In her book Believe, Jennifer Silvera describes how she felt in those early months after the loss of her husband Shawn:

“With plenty of doubts swirling around, it’s hard to believe in anything after loss.  Shawn’s death was never part of my plan for a perfect life, but a picture can quickly be altered.  Before Shawn’s death, I was naive and trusting.  In an instant, everything changed.

In the months following the funeral I was plagued by uncertainty, mistrust, and doubt.  At times I’d be suddenly overcome by the reality that Shawn was actually dead, that I’d never see him again on this earth.  I questioned what I’d always believed in, and wondered if this gray place I’d entered would be my permanent residence.

My body continued operating, but without my total self present.  It’s as if my spirit recoiled from the horrible reality.  Some might call this a state of denial, but it’s something deeper.  It’s life in a holding pattern–the body appears to function while beneath the surface the spirit continues to grieve.  This was my new state of normal, and I was frightened by this completely unknown territory.

My believe in the reality of my loss, of my perspectives, and of God became riddled with doubt.  Forty-five days after Shawn died, I wrote in my journal,

I am at a loss of how to express myself.  At moments during the day I try to suppress how I feel in order to continue with the tasks at hand.  In order to function in my role as a mom with young children, I merely endure the slow passing of minutes.
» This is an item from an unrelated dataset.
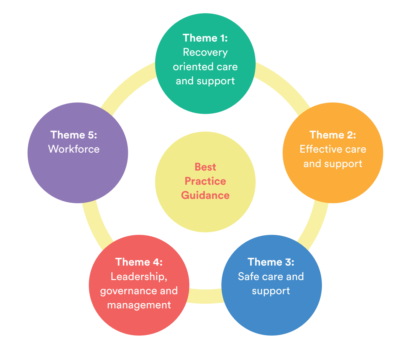
Chart 1: Structure of the Best Practice Guidance

I give myself pep talks throughout the day, trying to convince myself that if I live without feeling too deeply, I will be able to survive.  I rationalize that if I am able to get through a moment without extreme sensation–neither high joy nor low sadness–and can maintain that even level where all feelings are dull or numb, then I will be able to carry on.

Life has taken on a new color: gray.  at present, I don’t see in color.  Nothing is bright or exuberant.  Nothing stands out.  Nothing engages me.  I feel disconnected.

At odd moments I am stabbed all over again that this is a real story, happening to real people, a real mom, and a real baby boy and a real baby girl.  And how I respond to this story will make all the difference in not only my life, but theirs as well.  This is a heavy responsibility.  Especially on days that I would rather cover up my head with my favorite down comforter and ignore the day altogether.

Being a mom doesn’t allow me this luxury.  In the famous words of my grandmother, ‘Life goes on.” Today those words offer little comfort.  The words may be truthful, but I am nowhere near facing the truth.  I still have secret wishes that Shawn will come home tonight.